## Try it
Repeat the listing word for word. No pictures belong in the copy.

## Data to examine
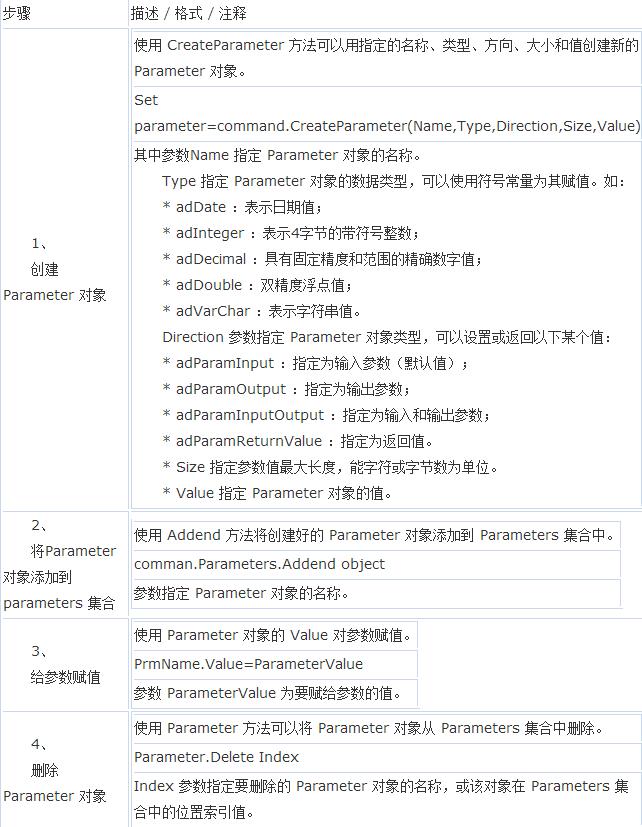 Command 對象具有由 Parameter 對象組成的 Parameters 集合,Parameter 對象代表與基于參數(shù)化查詢或存儲過程的 Command 對象相關(guān)聯(lián)的參數(shù)或自變量。通過創(chuàng)建 Parameter 對象并添加到 Parameter 集合中,可以向參數(shù)化查詢傳遞所需要的數(shù)據(jù)。使用 Parameter 集合的步驟如表下:
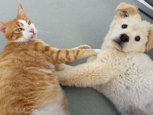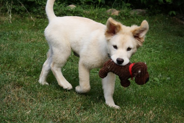verspielter Ersthund sein Gefährte in seiner neuen Familie werden.
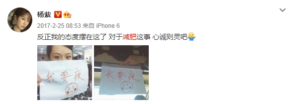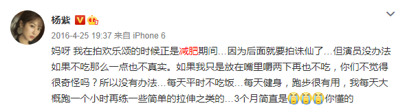 一直到现在,你去看她的微博,基本上每年都会出来那么好几条关于减肥的内容。
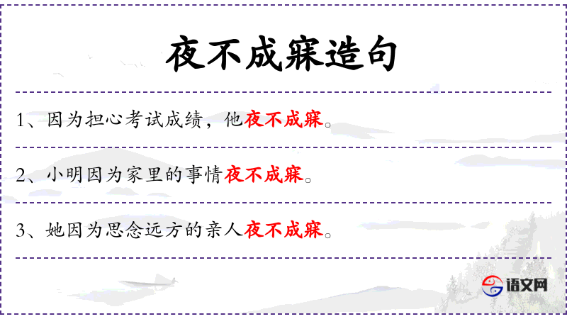 - 宾语:无直接宾语,但“夜不成寐”是一个动宾结构,表示“夜晚无法入睡”。
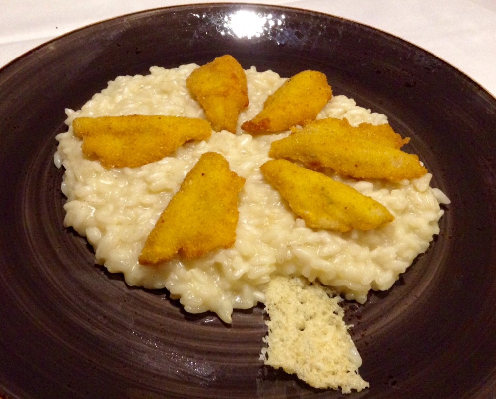Risotto alla parmigiana con filettini ben dorati di persico al burro e salvia, un piatto unico saporito e digeribile a miglia lacustri zero, un risotto di grande tradizione territoriale, impreziosito con sapienza tramandata da una risorsa locale, il persico.

## Exercise output
 Command 對象具有由 Parameter 對象組成的 Parameters 集合,Parameter 對象代表與基于參數(shù)化查詢或存儲過程的 Command 對象相關(guān)聯(lián)的參數(shù)或自變量。通過創(chuàng)建 Parameter 對象并添加到 Parameter 集合中,可以向參數(shù)化查詢傳遞所需要的數(shù)據(jù)。使用 Parameter 集合的步驟如表下:
verspielter Ersthund sein Gefährte in seiner neuen Familie werden.
 一直到现在,你去看她的微博,基本上每年都会出来那么好几条关于减肥的内容。
 - 宾语:无直接宾语,但“夜不成寐”是一个动宾结构,表示“夜晚无法入睡”。
Risotto alla parmigiana con filettini ben dorati di persico al burro e salvia, un piatto unico saporito e digeribile a miglia lacustri zero, un risotto di grande tradizione territoriale, impreziosito con sapienza tramandata da una risorsa locale, il persico.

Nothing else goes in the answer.